Exercise instructions.
Copy exactly the lines of the material below that run from the one containing "이렇게 상품에 대한 간단한" through the one containing "Takto vzniklá budova". Copy no other lines.

Material shown.
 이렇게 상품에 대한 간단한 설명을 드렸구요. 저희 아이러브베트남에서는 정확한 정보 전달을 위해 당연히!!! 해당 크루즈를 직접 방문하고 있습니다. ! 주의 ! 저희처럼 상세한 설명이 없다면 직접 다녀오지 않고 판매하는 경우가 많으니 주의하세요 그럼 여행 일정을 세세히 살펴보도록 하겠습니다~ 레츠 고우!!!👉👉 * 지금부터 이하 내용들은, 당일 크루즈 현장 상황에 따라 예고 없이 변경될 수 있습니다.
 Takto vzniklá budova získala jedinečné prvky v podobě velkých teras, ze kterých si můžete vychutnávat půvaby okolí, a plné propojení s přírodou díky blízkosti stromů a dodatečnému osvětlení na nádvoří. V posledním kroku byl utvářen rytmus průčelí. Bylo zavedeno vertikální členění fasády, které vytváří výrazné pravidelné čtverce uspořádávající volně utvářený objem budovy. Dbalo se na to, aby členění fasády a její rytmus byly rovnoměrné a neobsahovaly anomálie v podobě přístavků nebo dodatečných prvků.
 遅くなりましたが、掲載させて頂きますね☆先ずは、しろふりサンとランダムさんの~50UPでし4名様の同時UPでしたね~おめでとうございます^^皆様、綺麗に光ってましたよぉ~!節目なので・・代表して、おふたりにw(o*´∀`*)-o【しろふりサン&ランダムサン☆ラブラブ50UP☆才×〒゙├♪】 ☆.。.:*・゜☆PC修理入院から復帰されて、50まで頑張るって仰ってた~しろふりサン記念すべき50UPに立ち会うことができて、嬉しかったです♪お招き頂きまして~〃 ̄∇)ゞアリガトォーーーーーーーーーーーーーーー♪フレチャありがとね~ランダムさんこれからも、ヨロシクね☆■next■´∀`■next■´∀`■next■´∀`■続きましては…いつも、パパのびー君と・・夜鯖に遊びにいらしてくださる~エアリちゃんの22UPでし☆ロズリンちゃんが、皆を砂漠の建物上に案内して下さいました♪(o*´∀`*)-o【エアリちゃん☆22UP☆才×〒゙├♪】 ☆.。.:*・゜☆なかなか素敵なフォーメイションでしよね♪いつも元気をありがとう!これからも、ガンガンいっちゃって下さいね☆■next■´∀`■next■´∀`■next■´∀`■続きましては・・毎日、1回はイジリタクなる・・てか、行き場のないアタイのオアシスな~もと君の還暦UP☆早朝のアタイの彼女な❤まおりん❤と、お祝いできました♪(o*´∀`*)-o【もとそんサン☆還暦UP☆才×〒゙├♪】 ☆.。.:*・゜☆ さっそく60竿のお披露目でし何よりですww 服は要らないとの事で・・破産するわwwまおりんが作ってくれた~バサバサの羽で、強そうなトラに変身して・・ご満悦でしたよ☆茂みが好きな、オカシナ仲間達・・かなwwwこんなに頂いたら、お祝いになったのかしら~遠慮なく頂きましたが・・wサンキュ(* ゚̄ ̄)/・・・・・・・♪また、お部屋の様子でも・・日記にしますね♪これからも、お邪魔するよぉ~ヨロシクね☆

* * *

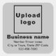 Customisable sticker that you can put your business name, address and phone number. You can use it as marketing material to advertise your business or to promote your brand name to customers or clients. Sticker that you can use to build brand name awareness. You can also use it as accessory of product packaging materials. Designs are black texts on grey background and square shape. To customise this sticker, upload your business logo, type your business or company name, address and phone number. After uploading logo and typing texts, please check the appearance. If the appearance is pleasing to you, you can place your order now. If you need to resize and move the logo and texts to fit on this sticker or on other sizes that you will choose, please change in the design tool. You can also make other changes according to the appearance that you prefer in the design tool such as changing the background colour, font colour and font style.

Task response.
 이렇게 상품에 대한 간단한 설명을 드렸구요. 저희 아이러브베트남에서는 정확한 정보 전달을 위해 당연히!!! 해당 크루즈를 직접 방문하고 있습니다. ! 주의 ! 저희처럼 상세한 설명이 없다면 직접 다녀오지 않고 판매하는 경우가 많으니 주의하세요 그럼 여행 일정을 세세히 살펴보도록 하겠습니다~ 레츠 고우!!!👉👉 * 지금부터 이하 내용들은, 당일 크루즈 현장 상황에 따라 예고 없이 변경될 수 있습니다.
 Takto vzniklá budova získala jedinečné prvky v podobě velkých teras, ze kterých si můžete vychutnávat půvaby okolí, a plné propojení s přírodou díky blízkosti stromů a dodatečnému osvětlení na nádvoří. V posledním kroku byl utvářen rytmus průčelí. Bylo zavedeno vertikální členění fasády, které vytváří výrazné pravidelné čtverce uspořádávající volně utvářený objem budovy. Dbalo se na to, aby členění fasády a její rytmus byly rovnoměrné a neobsahovaly anomálie v podobě přístavků nebo dodatečných prvků.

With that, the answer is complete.